Never short of power, mainly due to the fact that despite its size the car weighs just 1,205kg, about the same as a Nissan Micra, the DS3 Crossback storms along when pushed but is at its best as a really quiet cruiser.
Trouble is, it’s so silent you often find yourself doing speeds that you daren’t get nicked for.
Hopefully the cop would be so busy looking at its beauty from the outside, and then the inside, that forgetting to write a ticket would be your best chance of getting off.
DS 3 Crossback Prestige.
REAR MIRROR MONSTER: Tall, glitzy and threatening, with a huge silver speckled grille, dazzling pairs of seven-bulb headlights and daytime running lights that look like waterfalls as they cascade down the front bumper.

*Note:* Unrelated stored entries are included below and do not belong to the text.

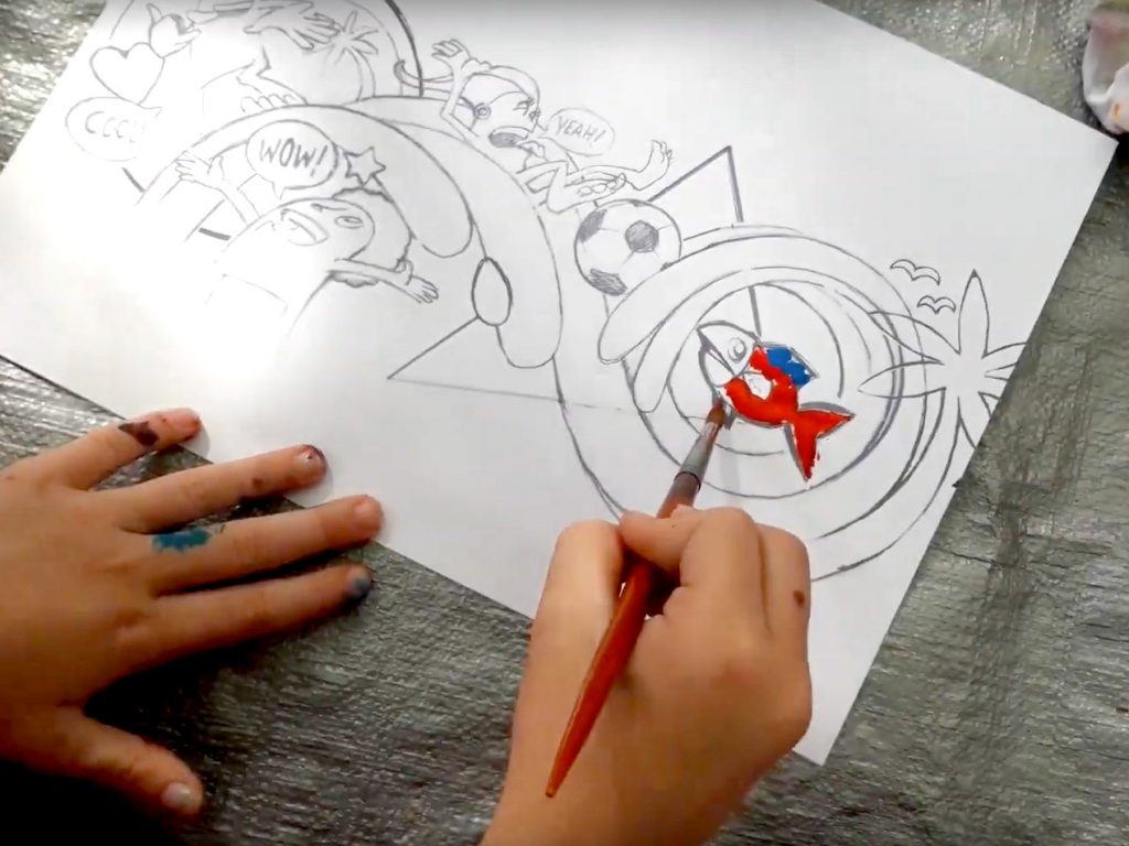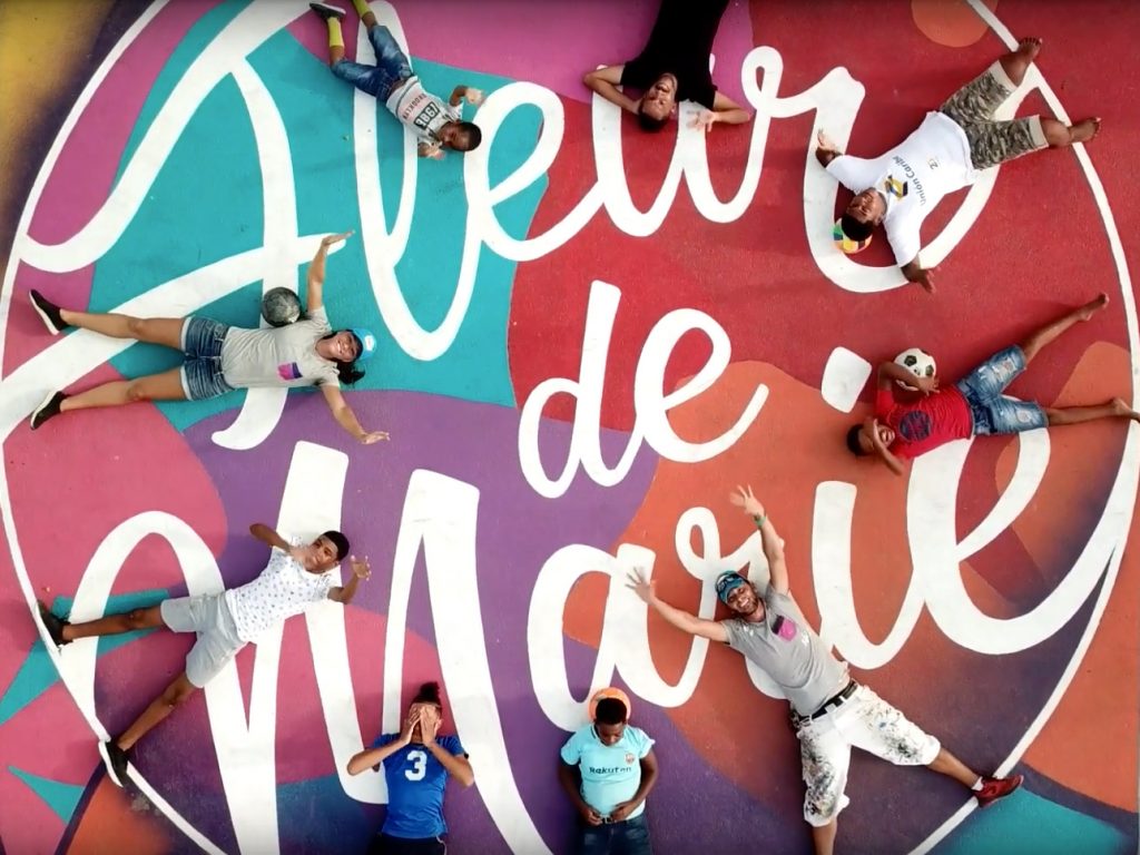 The title of the community art piece made in Fleur de Marie is “Kontekta”. The hands and feet portrayed in the
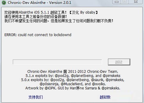 目前,iOS5.1.1系統使用的完美越獄工具是Absinthe 2.0.1,這款工具的越獄方法就是“一鍵越獄”,將iPhone或iPad用數據線與電腦連接後,點擊Absinthe中的Jailbreak(越獄)按鈕,然後耐心等待就可以了。可即便是這麼簡單操作,還是有可能會失敗。使用Absinthe越獄失敗得到提示通常有以下三種:
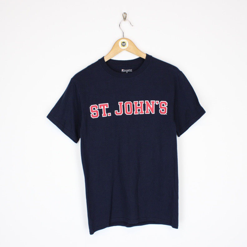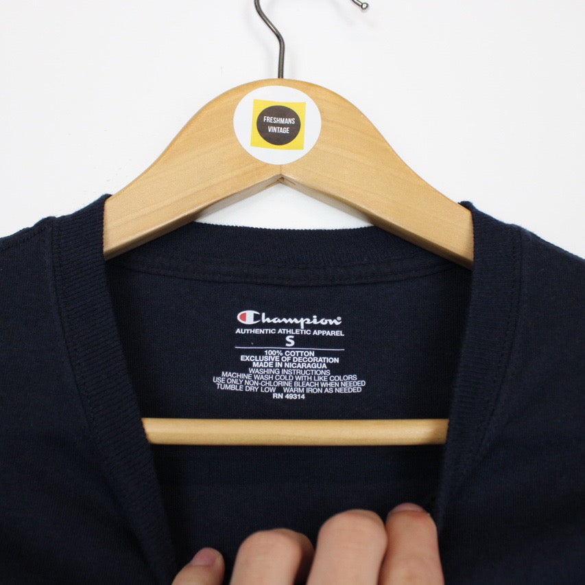 Vintage Champion Navy Blue USA University Crew Neck Short Sleeve T-Shirt - in very good worn condition, has the spellout on the chest and the logo on the arm! - mens size Small, pit to pit measures 17 inches and the length 25 inches
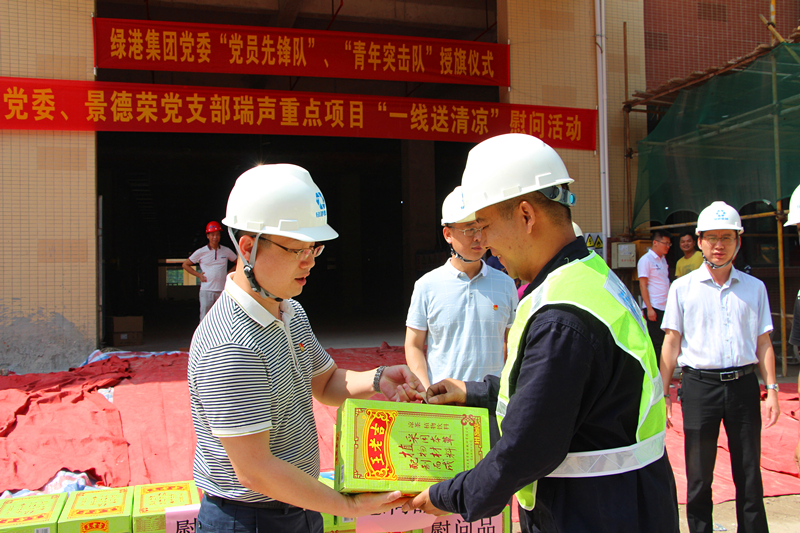 此次活動也是綠港集團黨委在今年開展“四個一線”爭先鋒、創(chuàng)建黨建示范品牌工作以來,在項目建設(shè)一線開展創(chuàng)建“黨員攻堅先鋒隊”活動的重要舉措之一?!八膫€一線”是綠港集團黨委圍繞經(jīng)開區(qū)黨工委加強基層黨建三年行動計劃,結(jié)合集團公司項目建設(shè)、企業(yè)服務(wù)、招商銷售、項目融資的四個任務(wù),以“抓黨建促發(fā)展,抓品牌促提升”為主題,組織號召廣大黨團員積極開展在項目一線創(chuàng)建“黨員攻堅先鋒隊”、在服務(wù)企業(yè)一線創(chuàng)建“服務(wù)示范標(biāo)兵(窗口)”、在招商銷售一線創(chuàng)建“一個黨員一面旗,我為綠港做代言”、在項目融資一線“爭做黨員領(lǐng)頭雁”的活動。活動開展以來,集團黨建真正實現(xiàn)了“走前頭、作表率”的目標(biāo),引導(dǎo)集團公司全體黨員干部轉(zhuǎn)變工作作風(fēng)、提高工作效能、強化服務(wù)意識,在促進綠港集團樹立國企黨建標(biāo)桿,不斷提升社會形象起到引領(lǐng)作用。授旗儀式結(jié)束后,綠港集團與會領(lǐng)導(dǎo)還給項目一線參建人員送上了王老吉、西瓜水果等清涼慰問品,鼓勵他們繼續(xù)發(fā)揚綠港鐵軍精神,急難險重顯身手,同時要注意防暑降溫、保重身體,更好地為項目建設(shè)做貢獻(xiàn)。(綠港集團 陽正輝、張彩秀/文、圖)

BACKSIDE BEAUTY: Huge exhaust pipes below each side of the registration plate appear as if cannons but other than that it’s a gorgeous, unfussy, back end.
PLAYTIME PLEASER: Touchscreen 10 inch sat nav with speed limit display, twin zone climate control, adaptive cruise control with speed limiter, front and rear parking sensors with 360 degree rear view camera, trip computer, leather seats, heated at front and electric for driver, keyless start and entry, auto folding and heated door mirrors, auto wipers and lights with auto washing function, phone charging tray, 18-inch diamond cut alloys, DAB stereo with twin USB, Bluetooth, and Mirror Screen with Apple car play and Android auto.
NAUGHTY NIGGLES: Folding rear seat backs don’t go completely flat, leaving a three inch ledge to get in the way of bulky items. No high up rear shopping bag hooks.
TASTY TOUCHES: Space saver spare tyre is standard. Twin cup holders are each lined with four spring loaded clips to hold cups and bottles in place. Yep, this bit is exactly the same as the Golf GTI report.
FAST OR LAST: Quick when pushed and a quite brilliant cruiser.
WONGA WONDA: It’s got the looks and kit of a far more expensive motor. Great value.
WOULD CHANTELLE LIKE IT? Can anything ever be posh enough for Chantelle? This could.